Mr. Fulton is a Registered Patent Attorney and Senior Counsel with Malloy & Malloy, P.L., Board Certified in Intellectual Property Law, and rated AV Preeminent by Martindale-Hubbell. His practice includes all aspects of Intellectual Property Law with a focus on patent and trademark prosecution and related transactional matters, and patent infringement litigation. He has a Bachelor of Science in Chemical Engineering from Cleveland State University, and obtained considerable engineering experience prior to receiving his law degree, with honors, from the University of Miami School of Law. In addition to the Florida Bar, he is admitted to practice in the U.S. District Courts for the Southern District of Florida, the Middle District of Florida, and the Eastern District of Texas, and the U.S. Courts of Appeals for the Eleventh and Federal Circuits. Mr. Fulton also maintains his Registration as a Professional Engineer in the State of Florida.
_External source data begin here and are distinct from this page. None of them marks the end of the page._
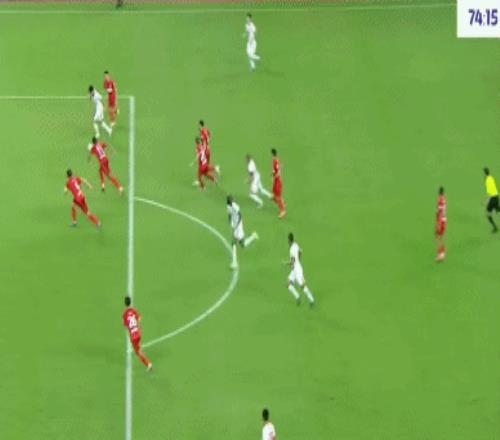 第74分钟,韦林顿分球,宋文杰禁区右肋横传,小禁区无人盯防的兰克尔泽近距离挑射偏出才,错失破门良机。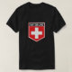 Le drapeau national de la Suisse est infusé dans une forme de bouclier qui a également le nom du pays placé au-dessus du drapeau.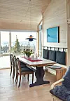 Inne er møblene en blanding av nytt og gammelt. De nye er i all hovedsak fra Ikea. De gamle er brukt og tatt med hjemmefra. Hytta har fått en inngang på midten med soverommene i én ende og opphold i den andre enden. Stue og kjøkken er lagt i åpen løsning, og de har latt spiseplassen få den fineste utsikten.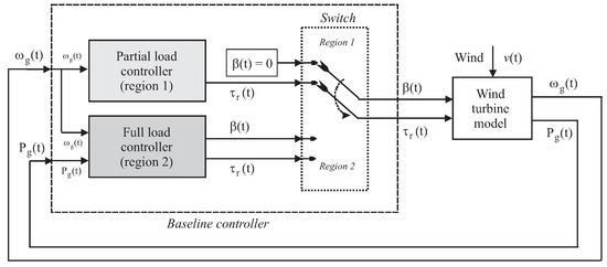 Figure 3 also shows the power curve that highlights the the so-called partial load (Region 1) and full load (Region 2) working conditions of a wind turbine [22]. In fact, the baseline controller implemented in the wind turbine simulator works in these two operating conditions. A schematic diagram of the baseline wind turbine controller system is detailed in Figure 4.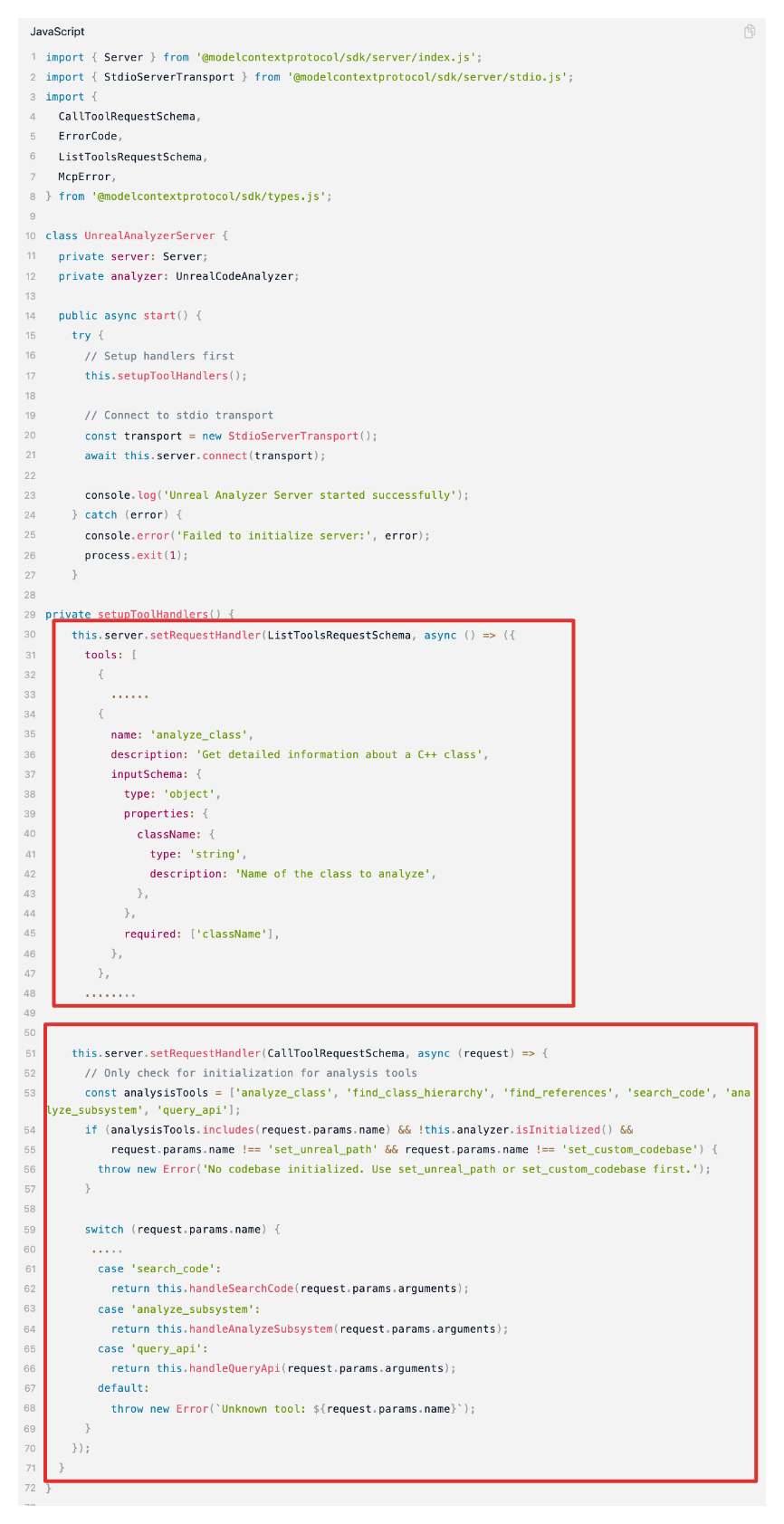 来看一下MCP Server的部分代码 (红框中就是做上面两个事, 不难理解) :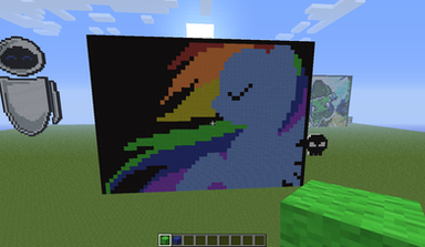 Derpy in wool. Note that this was done in Survival, so I harvested all of this wool myself from my vast blue and yellow herds.Obviously this is based on the colorized version of fyre-flye's sketch [link] I can't actually find a good original link to it.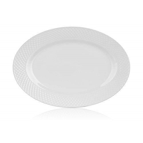 Oválný talíř DIAMOND 34,5 x 24,2 cm v barvě bílé se zdobným reliéfem, vyrobený z keramiky. Lze použít do mikrovlnné trouby i do myčky na nádobí na běžné domácí použití.

Mr. Fulton is an active member of the Florida Bar, and currently serves on the Intellectual Property Law Certification Committee. He is also a member of the Federal Bar and Dade County Bar Associations, and provide Pro Bono services through the DCBA’s Small Claims Clinic and Venture Law Project initiatives. He has served as an Officer and Director of the Inventors Society of South Florida, and regularly provides complimentary “Office Hour” consultations to participants at Venture Café Miami. He has also had the honor to serve as President of his Rotary Club, the Rotary Club of Miami Brickell.